Visibly traumatized Asu-Obi said they opened all the compartments of his car to remove any money they could find there. “We trekked for about 20 kilometers till we stopped.
Their leader now told us that they were not armed robbers, that they were kidnappers and they just wanted money. They said that we should not be angry, that we were unlucky to have been caught, that their target was one white man, but when the man escaped they could go away without carrying people like us.’ “So they asked me what I do for a living and I told them that I am church worker into humanitarian services.”
Asu-Obi said the kidnappers insisted they wanted money, that he should arrange how to get $50,000 for them, which he claimed he did not have. They then asked for the contacts of his family members.
“I told them my father is an old man in the village, he doesn’t have money. So they collected contacts of my friends in Abuja, Kano, Calabar and Lagos. They started dealing with my contacts independently, asking for the ransom.”
“On Sunday night when they noticed that money was not forthcoming, they got the contact of my childhood friend and business associate in Lagos. That one gave them money but how they were managing to collect the money I do not know. When they negotiate, they tell the person how to bring the money.”
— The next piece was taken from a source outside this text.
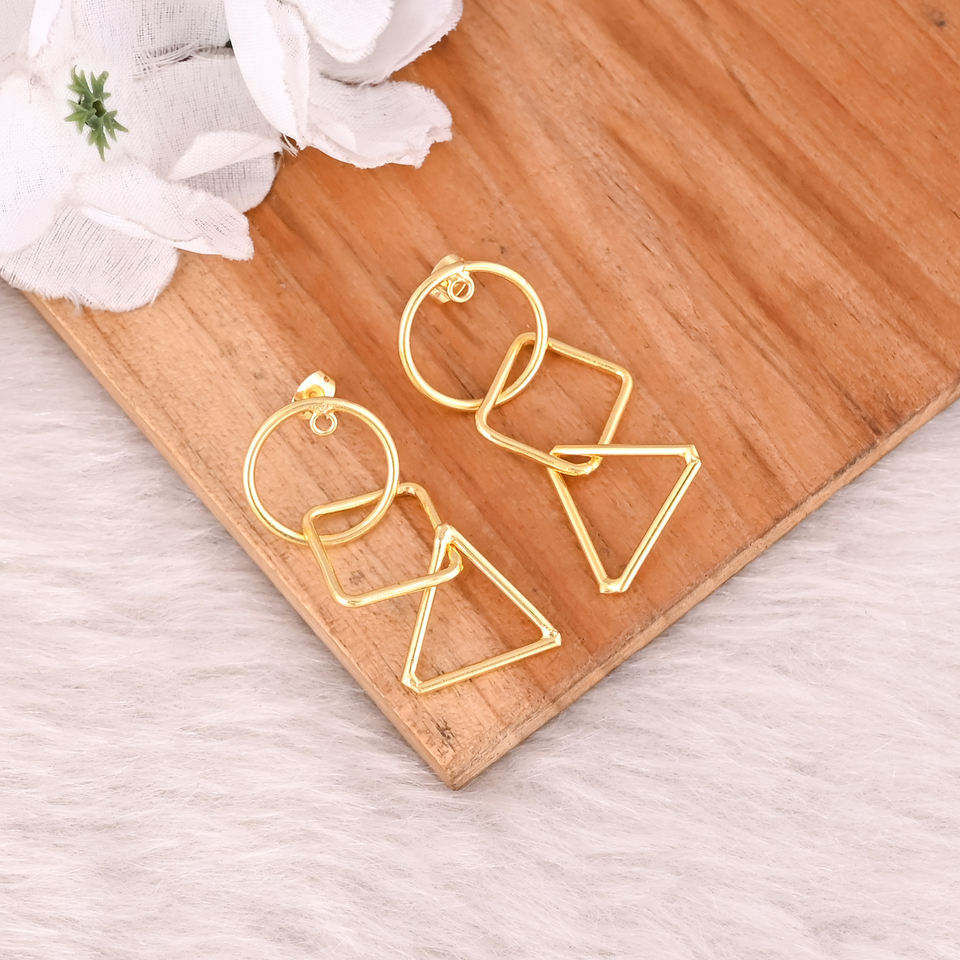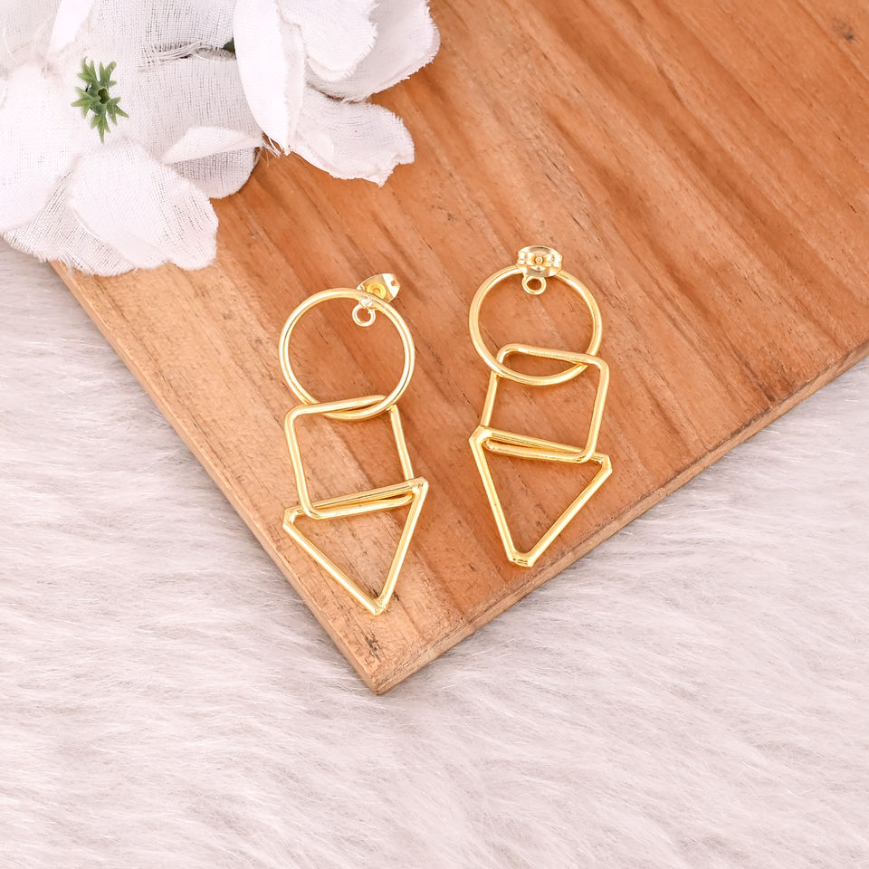 Antique Gold Plated Long Statement Stud Earrings for Women and Girls Made of Brass Jewelry for Anniversaries

“That was how they got the first set of money. My friends in Calabar also sent some money to them. They always ask the contact to bring money and they would go there with guns to collect the money. Then they collected my wristwatch, gadgets and my wedding ring.
As we were moving in the bush, wherever their is a stagnant pond, they would tell us to go and bathe while somebody is standing there with an AK 47, watching us. They would clean a rocky place and tell us to sleep there.” Asu-Obi said they finally established contact with his younger brother in Abuja who brought money to them.
“When they collected the last money, they now ordered the two people guarding us close to the roadside. The Igbo man’s money was brought before my own. They said they would not release him until they’ve finished with me. After they’ve collected all the money, they now kept the loot in a sack and said I should bless it for them.
They knelt down and said I should lay my hands on their heads and bless them so that they would spend the money wisely and I prayed for them. Asu-Obi said: “I remain very grateful to God Almighty, brothers and relatives for their support and all those praying for my survival because right there in the bush they showed me several parts of dead bodies in their hideout, when they thought I was joking with them.
They told me they’ve killed a lot of people, even after collecting ransom. I feel strongly this was a test of faith. I am forever grateful to God since it is difficult for kidnappers to spare one’s life when money is not forthcoming. They even returned my car, wristwatch and wedding ring to me and even told me to forgive them.”